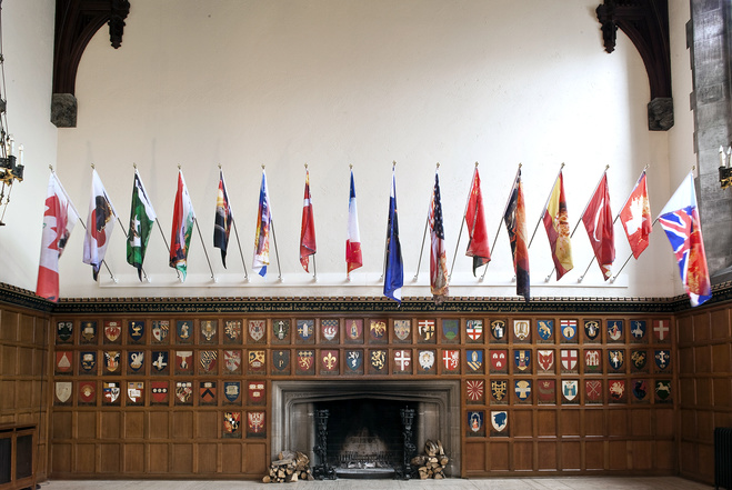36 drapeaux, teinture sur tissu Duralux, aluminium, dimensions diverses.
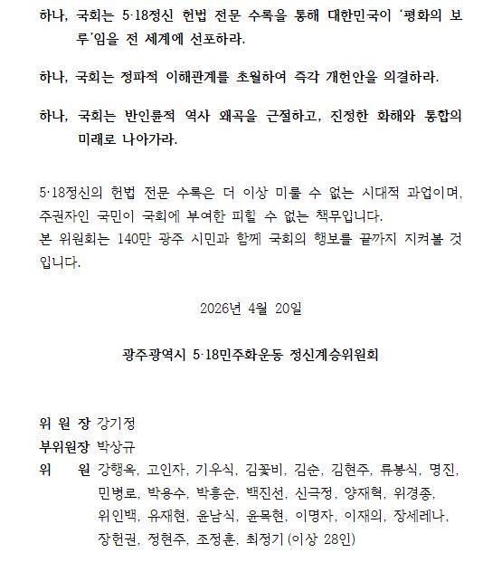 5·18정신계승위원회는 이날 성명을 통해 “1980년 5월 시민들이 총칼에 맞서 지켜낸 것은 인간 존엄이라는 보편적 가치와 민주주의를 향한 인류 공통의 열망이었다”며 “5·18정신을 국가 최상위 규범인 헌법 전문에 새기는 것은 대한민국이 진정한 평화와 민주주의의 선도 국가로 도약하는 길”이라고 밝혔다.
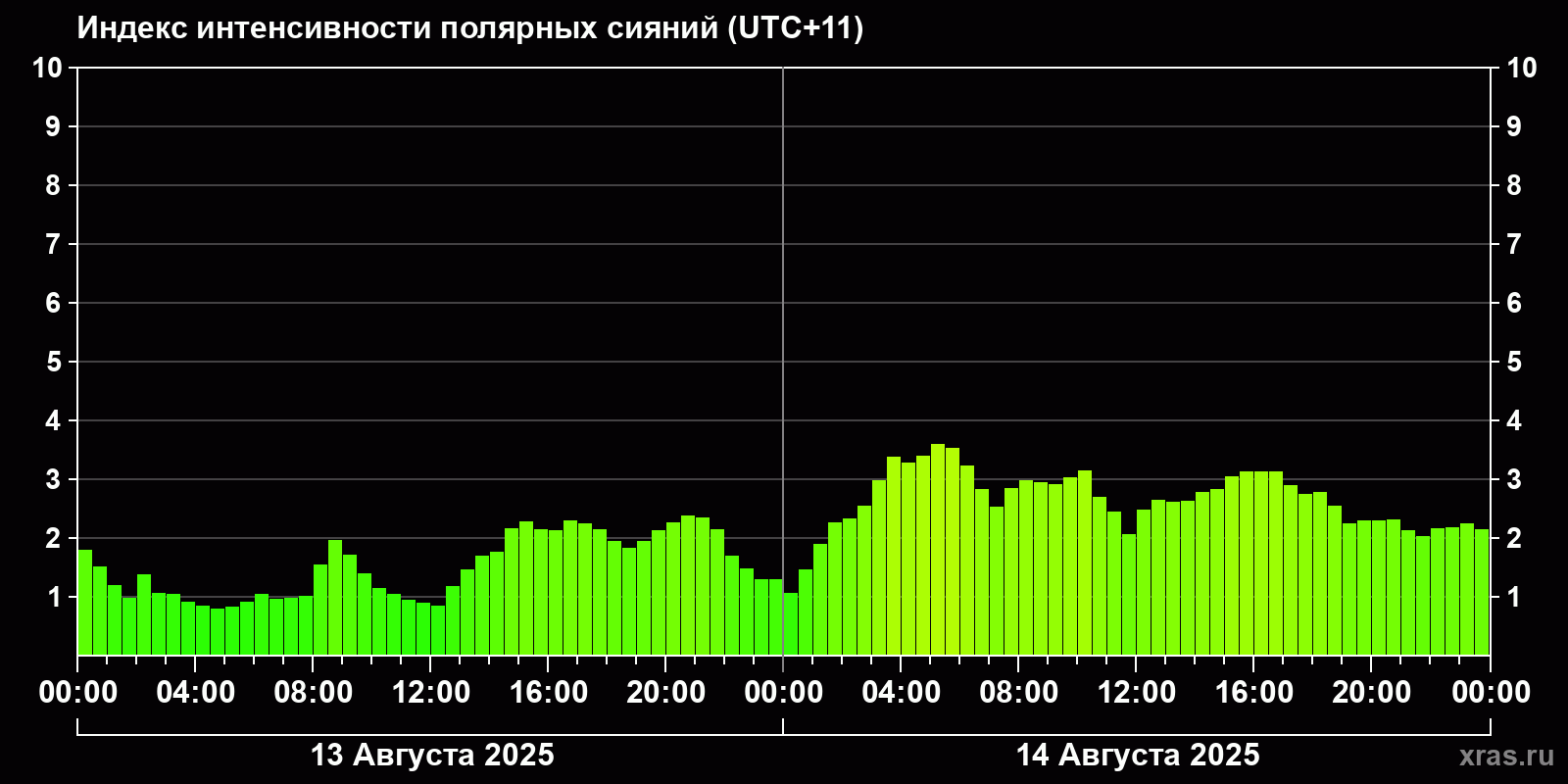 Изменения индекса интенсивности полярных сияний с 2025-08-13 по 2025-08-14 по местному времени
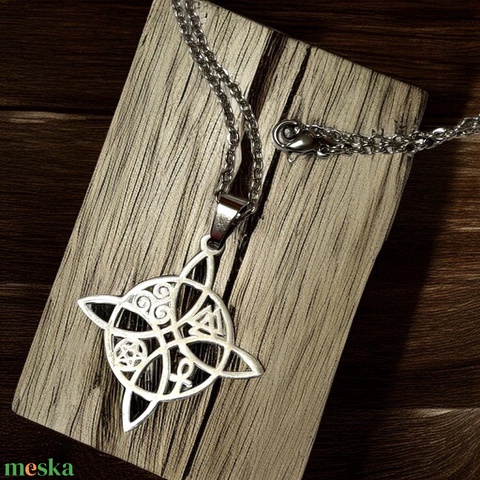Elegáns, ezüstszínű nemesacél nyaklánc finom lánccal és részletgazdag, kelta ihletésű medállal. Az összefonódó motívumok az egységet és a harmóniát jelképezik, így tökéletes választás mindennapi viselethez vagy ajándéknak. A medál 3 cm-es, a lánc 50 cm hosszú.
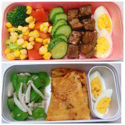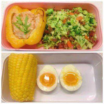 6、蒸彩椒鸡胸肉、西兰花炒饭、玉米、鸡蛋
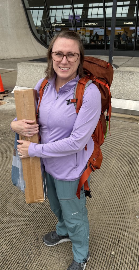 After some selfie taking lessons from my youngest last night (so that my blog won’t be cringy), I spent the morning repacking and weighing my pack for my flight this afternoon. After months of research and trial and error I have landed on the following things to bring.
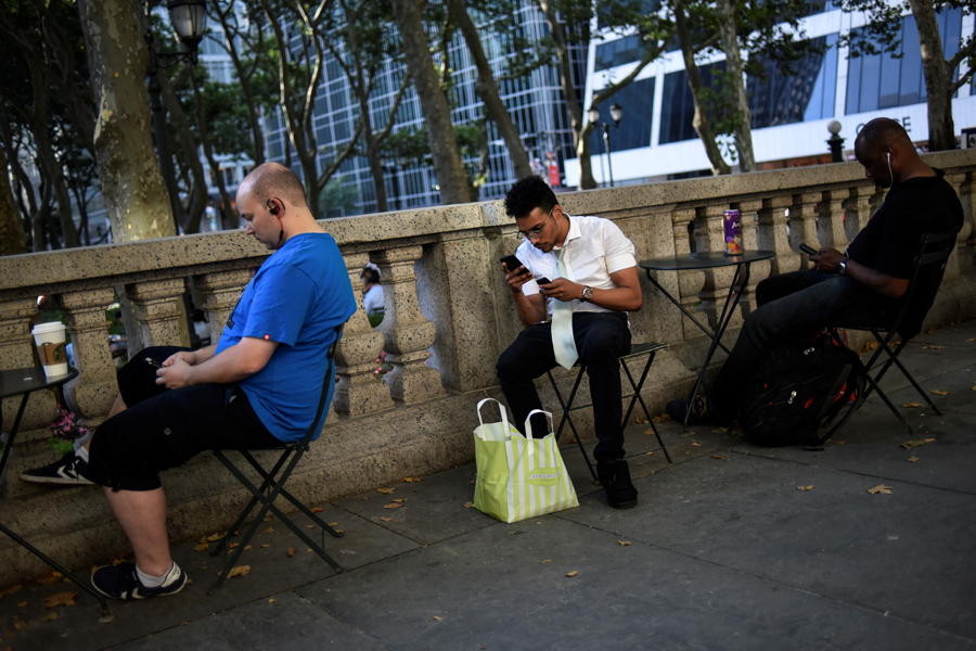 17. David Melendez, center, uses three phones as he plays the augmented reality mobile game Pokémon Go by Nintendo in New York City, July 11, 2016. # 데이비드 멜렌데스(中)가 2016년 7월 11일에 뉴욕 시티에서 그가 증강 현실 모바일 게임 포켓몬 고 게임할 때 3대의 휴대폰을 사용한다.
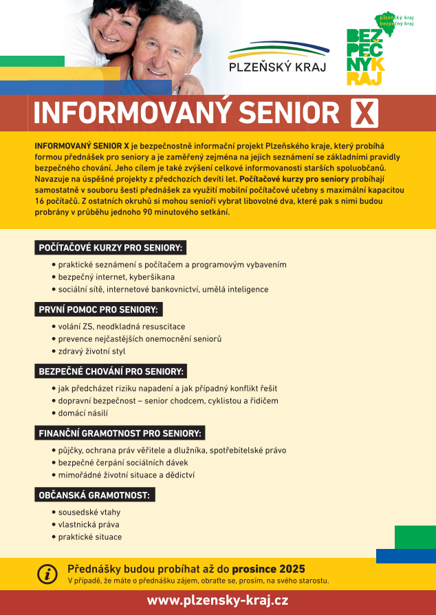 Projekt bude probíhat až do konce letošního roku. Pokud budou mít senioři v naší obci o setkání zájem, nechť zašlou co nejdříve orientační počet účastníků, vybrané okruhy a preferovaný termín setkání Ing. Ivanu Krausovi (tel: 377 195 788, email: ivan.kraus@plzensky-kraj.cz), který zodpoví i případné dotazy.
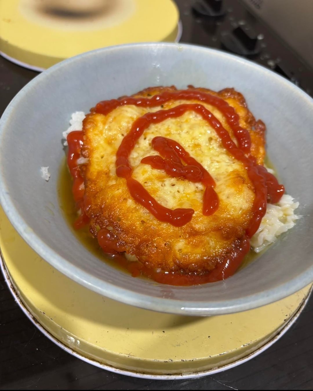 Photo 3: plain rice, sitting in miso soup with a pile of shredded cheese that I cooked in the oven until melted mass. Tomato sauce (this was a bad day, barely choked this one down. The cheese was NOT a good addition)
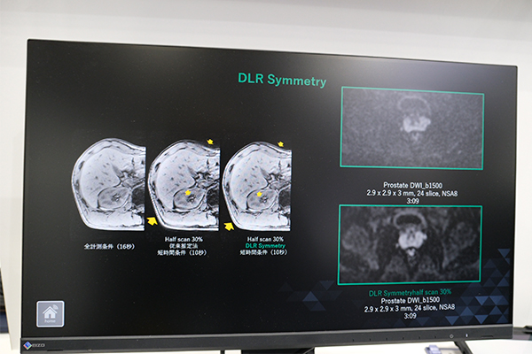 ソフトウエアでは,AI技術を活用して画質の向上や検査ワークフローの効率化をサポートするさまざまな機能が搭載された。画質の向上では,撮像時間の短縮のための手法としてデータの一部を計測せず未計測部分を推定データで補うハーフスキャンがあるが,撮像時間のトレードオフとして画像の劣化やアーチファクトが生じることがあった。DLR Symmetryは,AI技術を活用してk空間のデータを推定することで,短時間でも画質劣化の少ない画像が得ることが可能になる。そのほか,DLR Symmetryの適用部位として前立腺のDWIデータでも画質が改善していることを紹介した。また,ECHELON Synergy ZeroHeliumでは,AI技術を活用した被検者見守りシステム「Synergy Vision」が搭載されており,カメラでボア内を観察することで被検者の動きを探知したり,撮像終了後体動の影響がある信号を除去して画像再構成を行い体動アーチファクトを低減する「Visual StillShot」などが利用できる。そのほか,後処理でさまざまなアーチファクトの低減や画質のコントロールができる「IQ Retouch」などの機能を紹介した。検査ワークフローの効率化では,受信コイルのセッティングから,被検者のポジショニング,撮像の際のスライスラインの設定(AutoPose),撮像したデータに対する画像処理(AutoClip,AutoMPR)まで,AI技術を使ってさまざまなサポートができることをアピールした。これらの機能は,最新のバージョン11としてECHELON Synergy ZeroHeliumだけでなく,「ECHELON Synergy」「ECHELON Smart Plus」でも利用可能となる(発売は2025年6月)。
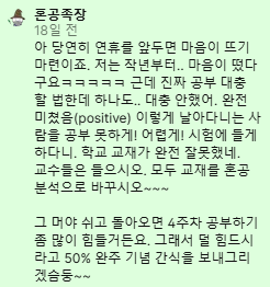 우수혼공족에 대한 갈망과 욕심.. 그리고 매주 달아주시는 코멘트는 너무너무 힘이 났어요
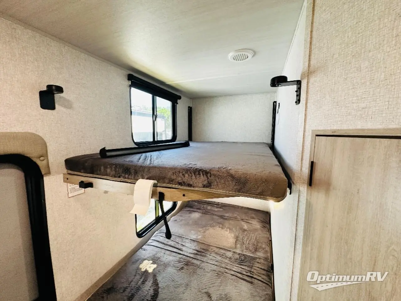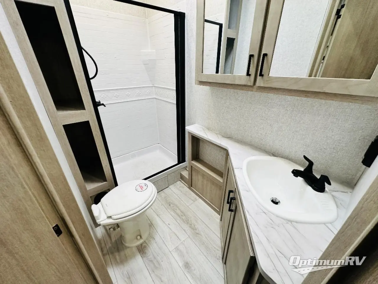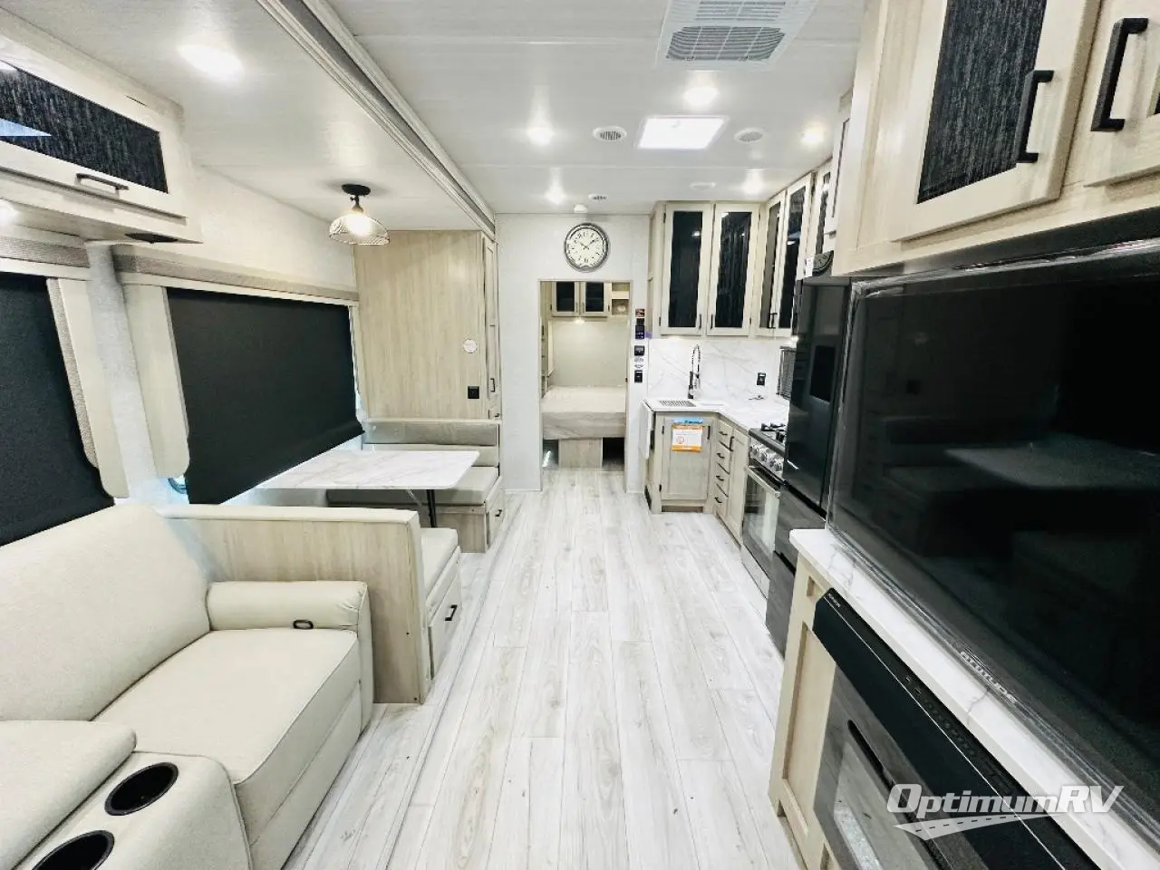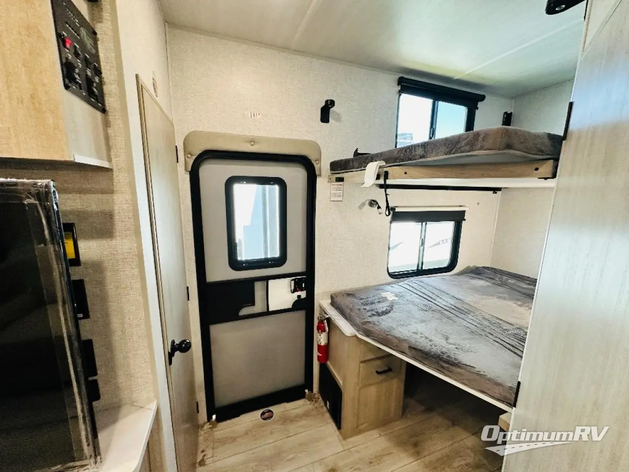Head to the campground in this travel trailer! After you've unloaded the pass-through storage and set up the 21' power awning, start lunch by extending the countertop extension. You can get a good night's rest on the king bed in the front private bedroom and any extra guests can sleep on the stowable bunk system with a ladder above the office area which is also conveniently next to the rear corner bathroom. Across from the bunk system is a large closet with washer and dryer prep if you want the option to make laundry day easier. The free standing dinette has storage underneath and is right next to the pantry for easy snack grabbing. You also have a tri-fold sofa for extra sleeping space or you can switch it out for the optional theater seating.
---
Return the listing above in an exact copy that leaves out the images.

* Written solution *
36 drapeaux, teinture sur tissu Duralux, aluminium, dimensions diverses.
 5·18정신계승위원회는 이날 성명을 통해 “1980년 5월 시민들이 총칼에 맞서 지켜낸 것은 인간 존엄이라는 보편적 가치와 민주주의를 향한 인류 공통의 열망이었다”며 “5·18정신을 국가 최상위 규범인 헌법 전문에 새기는 것은 대한민국이 진정한 평화와 민주주의의 선도 국가로 도약하는 길”이라고 밝혔다.
 Изменения индекса интенсивности полярных сияний с 2025-08-13 по 2025-08-14 по местному времени
Elegáns, ezüstszínű nemesacél nyaklánc finom lánccal és részletgazdag, kelta ihletésű medállal. Az összefonódó motívumok az egységet és a harmóniát jelképezik, így tökéletes választás mindennapi viselethez vagy ajándéknak. A medál 3 cm-es, a lánc 50 cm hosszú.
 6、蒸彩椒鸡胸肉、西兰花炒饭、玉米、鸡蛋
 After some selfie taking lessons from my youngest last night (so that my blog won’t be cringy), I spent the morning repacking and weighing my pack for my flight this afternoon. After months of research and trial and error I have landed on the following things to bring.
 17. David Melendez, center, uses three phones as he plays the augmented reality mobile game Pokémon Go by Nintendo in New York City, July 11, 2016. # 데이비드 멜렌데스(中)가 2016년 7월 11일에 뉴욕 시티에서 그가 증강 현실 모바일 게임 포켓몬 고 게임할 때 3대의 휴대폰을 사용한다.
 Projekt bude probíhat až do konce letošního roku. Pokud budou mít senioři v naší obci o setkání zájem, nechť zašlou co nejdříve orientační počet účastníků, vybrané okruhy a preferovaný termín setkání Ing. Ivanu Krausovi (tel: 377 195 788, email: ivan.kraus@plzensky-kraj.cz), který zodpoví i případné dotazy.
 Photo 3: plain rice, sitting in miso soup with a pile of shredded cheese that I cooked in the oven until melted mass. Tomato sauce (this was a bad day, barely choked this one down. The cheese was NOT a good addition)
 ソフトウエアでは,AI技術を活用して画質の向上や検査ワークフローの効率化をサポートするさまざまな機能が搭載された。画質の向上では,撮像時間の短縮のための手法としてデータの一部を計測せず未計測部分を推定データで補うハーフスキャンがあるが,撮像時間のトレードオフとして画像の劣化やアーチファクトが生じることがあった。DLR Symmetryは,AI技術を活用してk空間のデータを推定することで,短時間でも画質劣化の少ない画像が得ることが可能になる。そのほか,DLR Symmetryの適用部位として前立腺のDWIデータでも画質が改善していることを紹介した。また,ECHELON Synergy ZeroHeliumでは,AI技術を活用した被検者見守りシステム「Synergy Vision」が搭載されており,カメラでボア内を観察することで被検者の動きを探知したり,撮像終了後体動の影響がある信号を除去して画像再構成を行い体動アーチファクトを低減する「Visual StillShot」などが利用できる。そのほか,後処理でさまざまなアーチファクトの低減や画質のコントロールができる「IQ Retouch」などの機能を紹介した。検査ワークフローの効率化では,受信コイルのセッティングから,被検者のポジショニング,撮像の際のスライスラインの設定(AutoPose),撮像したデータに対する画像処理(AutoClip,AutoMPR)まで,AI技術を使ってさまざまなサポートができることをアピールした。これらの機能は,最新のバージョン11としてECHELON Synergy ZeroHeliumだけでなく,「ECHELON Synergy」「ECHELON Smart Plus」でも利用可能となる(発売は2025年6月)。
 우수혼공족에 대한 갈망과 욕심.. 그리고 매주 달아주시는 코멘트는 너무너무 힘이 났어요
Head to the campground in this travel trailer! After you've unloaded the pass-through storage and set up the 21' power awning, start lunch by extending the countertop extension. You can get a good night's rest on the king bed in the front private bedroom and any extra guests can sleep on the stowable bunk system with a ladder above the office area which is also conveniently next to the rear corner bathroom. Across from the bunk system is a large closet with washer and dryer prep if you want the option to make laundry day easier. The free standing dinette has storage underneath and is right next to the pantry for easy snack grabbing. You also have a tri-fold sofa for extra sleeping space or you can switch it out for the optional theater seating.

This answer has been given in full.